··· Data for the task ···

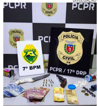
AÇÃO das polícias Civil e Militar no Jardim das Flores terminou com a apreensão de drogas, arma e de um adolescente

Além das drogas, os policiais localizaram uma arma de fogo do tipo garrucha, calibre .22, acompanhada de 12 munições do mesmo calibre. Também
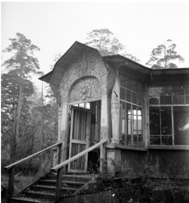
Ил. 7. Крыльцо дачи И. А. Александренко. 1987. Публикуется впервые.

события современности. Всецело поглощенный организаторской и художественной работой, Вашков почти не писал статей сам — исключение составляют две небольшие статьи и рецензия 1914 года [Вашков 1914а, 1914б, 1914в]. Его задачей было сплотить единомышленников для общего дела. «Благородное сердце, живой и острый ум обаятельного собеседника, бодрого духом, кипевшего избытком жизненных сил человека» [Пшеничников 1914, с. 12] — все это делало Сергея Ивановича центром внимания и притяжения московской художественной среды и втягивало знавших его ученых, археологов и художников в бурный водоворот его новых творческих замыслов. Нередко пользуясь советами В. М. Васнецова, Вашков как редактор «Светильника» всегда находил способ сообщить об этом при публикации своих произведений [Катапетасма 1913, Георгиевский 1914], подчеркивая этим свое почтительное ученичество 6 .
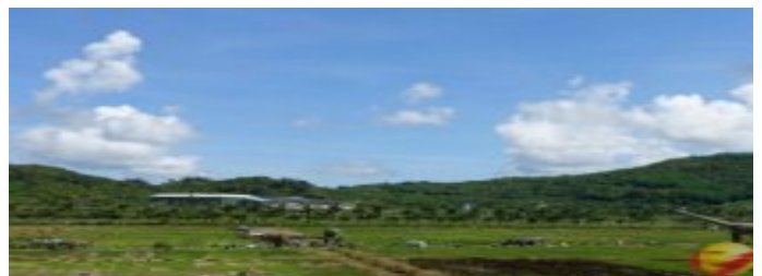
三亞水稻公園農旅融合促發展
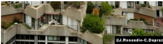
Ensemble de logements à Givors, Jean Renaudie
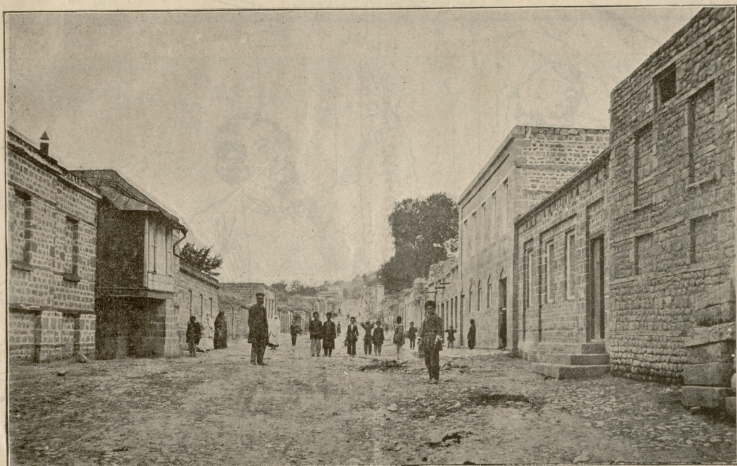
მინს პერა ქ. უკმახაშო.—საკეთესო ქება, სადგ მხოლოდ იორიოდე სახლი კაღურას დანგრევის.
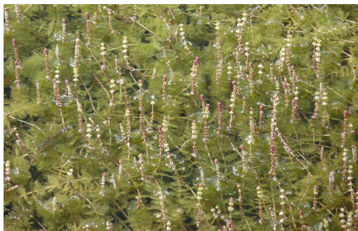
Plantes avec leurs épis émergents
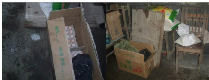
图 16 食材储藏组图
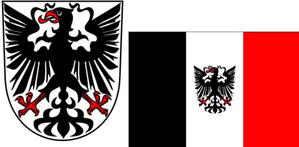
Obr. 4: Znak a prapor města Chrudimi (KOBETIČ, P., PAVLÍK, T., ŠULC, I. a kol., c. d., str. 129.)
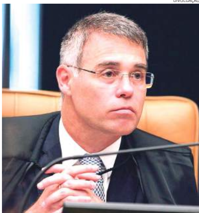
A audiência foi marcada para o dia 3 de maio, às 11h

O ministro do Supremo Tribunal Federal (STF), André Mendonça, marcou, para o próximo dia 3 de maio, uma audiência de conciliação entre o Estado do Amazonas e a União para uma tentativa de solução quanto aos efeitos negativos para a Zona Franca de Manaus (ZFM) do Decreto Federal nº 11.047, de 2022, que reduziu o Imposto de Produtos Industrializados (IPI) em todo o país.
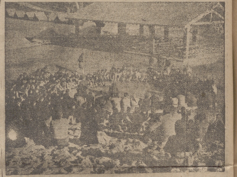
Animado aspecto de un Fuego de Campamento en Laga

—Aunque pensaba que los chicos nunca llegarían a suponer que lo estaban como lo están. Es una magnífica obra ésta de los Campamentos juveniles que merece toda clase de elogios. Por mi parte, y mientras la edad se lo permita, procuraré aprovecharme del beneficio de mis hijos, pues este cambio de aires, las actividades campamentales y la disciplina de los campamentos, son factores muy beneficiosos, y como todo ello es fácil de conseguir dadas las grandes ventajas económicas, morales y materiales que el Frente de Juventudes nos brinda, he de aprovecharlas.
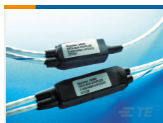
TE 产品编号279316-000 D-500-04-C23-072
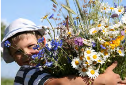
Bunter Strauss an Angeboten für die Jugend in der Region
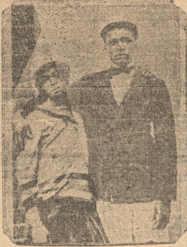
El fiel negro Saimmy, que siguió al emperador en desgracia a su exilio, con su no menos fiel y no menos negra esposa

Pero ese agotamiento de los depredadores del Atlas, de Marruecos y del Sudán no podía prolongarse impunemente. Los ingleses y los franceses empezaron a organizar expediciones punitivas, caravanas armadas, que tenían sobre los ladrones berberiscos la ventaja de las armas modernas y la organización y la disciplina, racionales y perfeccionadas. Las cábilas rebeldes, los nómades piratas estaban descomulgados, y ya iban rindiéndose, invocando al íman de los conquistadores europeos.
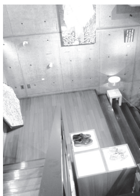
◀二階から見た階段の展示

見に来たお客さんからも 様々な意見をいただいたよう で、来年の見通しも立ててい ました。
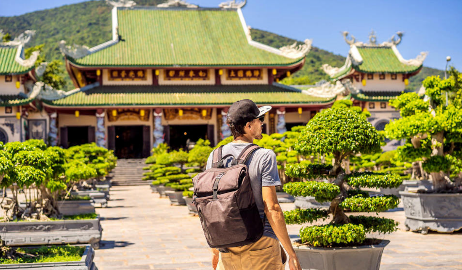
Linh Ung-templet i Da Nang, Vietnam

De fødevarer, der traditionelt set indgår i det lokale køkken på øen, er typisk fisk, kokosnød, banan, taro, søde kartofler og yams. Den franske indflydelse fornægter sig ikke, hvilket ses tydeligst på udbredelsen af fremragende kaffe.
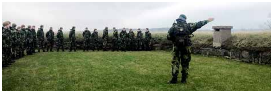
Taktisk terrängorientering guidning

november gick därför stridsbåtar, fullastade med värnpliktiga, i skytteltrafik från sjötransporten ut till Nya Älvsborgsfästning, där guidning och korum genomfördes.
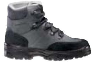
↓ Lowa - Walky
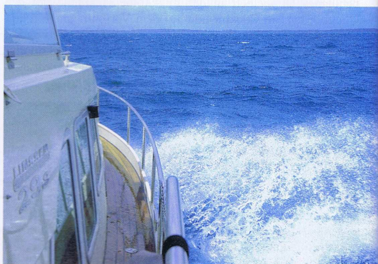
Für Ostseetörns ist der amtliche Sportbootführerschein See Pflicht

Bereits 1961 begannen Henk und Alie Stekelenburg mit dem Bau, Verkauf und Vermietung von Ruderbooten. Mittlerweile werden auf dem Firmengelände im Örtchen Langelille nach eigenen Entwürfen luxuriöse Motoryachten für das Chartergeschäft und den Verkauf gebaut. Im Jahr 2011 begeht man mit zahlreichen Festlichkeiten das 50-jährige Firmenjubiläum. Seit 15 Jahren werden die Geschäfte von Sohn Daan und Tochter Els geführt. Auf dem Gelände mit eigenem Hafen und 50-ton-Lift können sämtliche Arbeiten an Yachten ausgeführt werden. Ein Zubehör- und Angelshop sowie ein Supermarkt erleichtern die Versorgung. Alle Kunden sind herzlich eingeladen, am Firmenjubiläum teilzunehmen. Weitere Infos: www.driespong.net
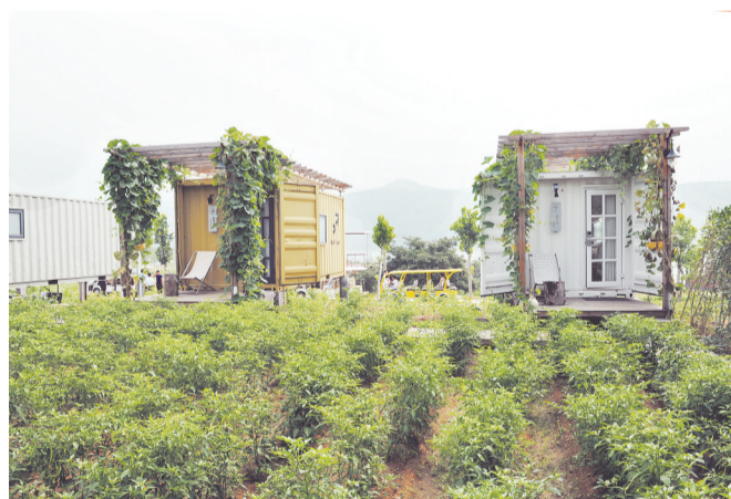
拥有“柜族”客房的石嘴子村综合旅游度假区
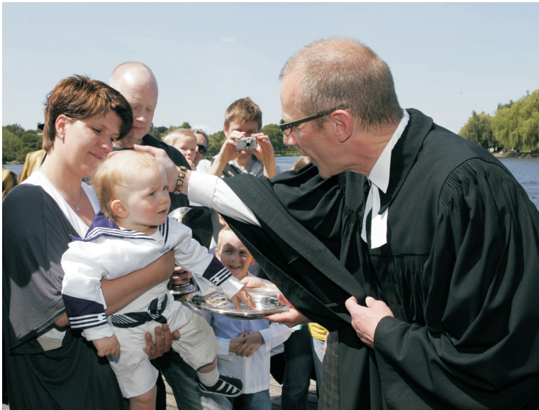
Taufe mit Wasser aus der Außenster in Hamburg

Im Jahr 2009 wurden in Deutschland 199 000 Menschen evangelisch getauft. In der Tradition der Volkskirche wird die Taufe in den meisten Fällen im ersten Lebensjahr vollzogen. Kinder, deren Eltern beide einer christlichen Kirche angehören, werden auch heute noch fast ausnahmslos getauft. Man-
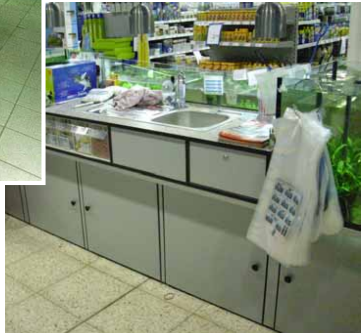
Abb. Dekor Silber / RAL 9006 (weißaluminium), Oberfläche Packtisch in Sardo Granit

···

Work required >>
From the records above, write out exactly the lines that begin at the line with "三亞水稻公園農旅融合促發展" and end at the line with "A audiência foi". Pictures must not appear in the output.

Response to the task >>
三亞水稻公園農旅融合促發展
Ensemble de logements à Givors, Jean Renaudie
მინს პერა ქ. უკმახაშო.—საკეთესო ქება, სადგ მხოლოდ იორიოდე სახლი კაღურას დანგრევის.
Plantes avec leurs épis émergents
图 16 食材储藏组图
Obr. 4: Znak a prapor města Chrudimi (KOBETIČ, P., PAVLÍK, T., ŠULC, I. a kol., c. d., str. 129.)
A audiência foi marcada para o dia 3 de maio, às 11h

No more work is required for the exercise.